= Mercury Publications =

American publisher of fiction periodicals

Mercury Publications (a.k.a. Mercury Press) was a magazine publishing company, initially owned and operated by Lawrence E. Spivak, which mainly published genre fiction in digest-sized formats. The focus of Spivak's line was on detective and mystery stories and novels, but it also included magazines about humor, fantasy, and true crime. The offices were located at 570 Lexington Avenue in New York, NY and in later years in Cornwall, Connecticut.

Spivak entered publishing in 1933 as the business manager of The American Mercury, and two years later, he became the magazine's publisher, expanding his operations in the late 1930s with additional titles. His subsidiary companies included Mystery House and Fantasy House. Two Mercury series were Mercury Library and Mercury Books.

Other Mercury imprints and titles included:
- Bestseller Mystery Books (a.k.a. Bestseller Library)
- Bestsellers magazine (beginning 1945), subtitled "Authorized Book Condensations"
- The Book of Wit & Humor, edited by Louis Untermeyer and Charles Angoff
- Ellery Queen's Mystery Magazine, edited by Frederic Dannay
- Jonathan Press Mystery Books
- The Magazine of Fantasy & Science Fiction, initially edited by Anthony Boucher and J. Francis McComas
- Mercury Mystery (a.k.a. Mercury Mystery Book Magazine and Mercury Mystery Magazine), edited by Joseph W. Ferman
- True Crime Detective, edited by Edward D. Radin, and then by Boucher and McComas

Spivak launched his Bestseller Library series in 1938, with a new title each month. In 1940, he split the Bestseller Library into Mercury Mysteries and Bestseller Mysteries. Ellery Queen's Mystery Magazine began in 1941, followed by the Jonathan Press Mysteries imprint in 1942. Mercury Mystery Book Magazine continued the long-run series of full-length and condensed mystery novels published in a digest-sized format, beginning with the title of Mercury Mystery in March 1940. Starting with #210, it ran for 23 issues before merging with Bestseller Mystery Magazine. The Magazine of Fantasy & Science Fiction began in 1949 under the title The Magazine of Fantasy. In the fall of 1950, Spivak sold The American Mercury to millionaire investment banker Clendenin J. Ryan, and his editor was William Bradford Huie.

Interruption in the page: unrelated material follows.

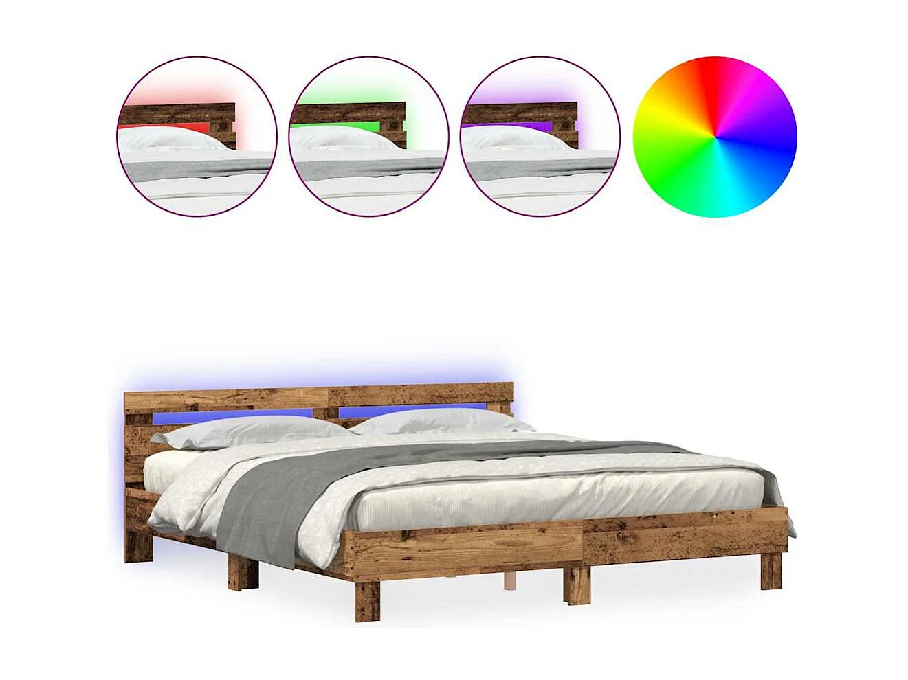 Cadre de lit avec LED sans matelas chêne marron 200x200 cm

Joseph W. Ferman was the business manager of Mercury Publications from 1940 to 1950. The Mercury art director from 1938 to 1958 was designer George Salter, who created about 750 covers for Mercury Publications during that time frame. After leaving the art director position, he continued to design covers for Mercury.The Mercury Press name continued on Fantasy and Science Fiction (eventually its only publication) under Joseph and his son Edward L. Ferman until F&SF was sold to Gordon Van Gelder in 2000.